Czym byłby pro kontroler bez dodatkowych przycisków? A te w Nacon Revolution Unlimited Pro standardowo są cztery. Umieszczono je po dwa w spodniej części pada tuż przy gripach. Dodatkowe przyciski są duże i bardzo łatwo w nie trafić, nie odrywając przy tym kciuków od drążków, co jest bardzo ważne w dynamicznych grach. W kontrolerze nie zapomniano o gnieździe słuchawkowym jack 3.5 mm oraz trzech dodatkowych przyciskach, które odpowiadają za regulację głośności oraz włączenie i wyłączenie słuchawek. Przyciski geometryczne są duże, zdecydowanie większe o tych standardowych zamontowanych w DS4. Duży i w jednolitej budowie jest także krzyżak (D-Pad) który może pracować w czterech lub ośmiu kierunkach.

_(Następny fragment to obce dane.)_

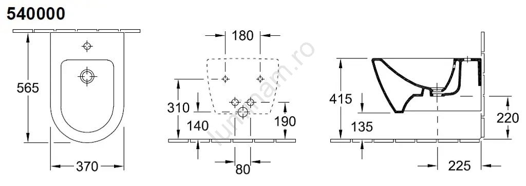 • Bideu suspendat din ceramică sanitară rezistentă, cu suprafață netedă, ușor de curățat.

Nacon Revolution Unlimited Pro to bardzo udany kontroler klasy premium. Jego niewątpliwą największą zaletą jest to, że może być używany zarówno w trybie przewodowym, jak i bezprzewodowym, będąc przy tym jednym z najtańszych pro kontrolerów na rynku. Pad jest solidnie wykonany, nic w nim nie trzeszczy, bardzo dobrze leży w dłoniach, a dodatkowe cztery przyciski są duże i łatwo dostępne. Docenić należy spory asortyment dodatkowych elementów do modyfikowania, jak ciężarki, pierścienie ograniczające wychylenie, czy wymienne grzybki. Cieszę się także, że Nacon odszedł w końcu od swojego dziwnego kabla zasilającego, którego montował w Revolution V1, czy V2. Przestawienie się na USB-C jest bardzo dobrą decyzją.
Nacon Revolution Unlimited Pro zadowoli zarówno zwykłych graczy, którzy chcieliby mieć po prostu modyfikowany bezprzewodowy kontroler, jak i profesjonalistów, którzy pragną konfigurować każdą cześć urządzenia, mając jednocześnie pada, który sprawdzi się w kilku gatunkach gier.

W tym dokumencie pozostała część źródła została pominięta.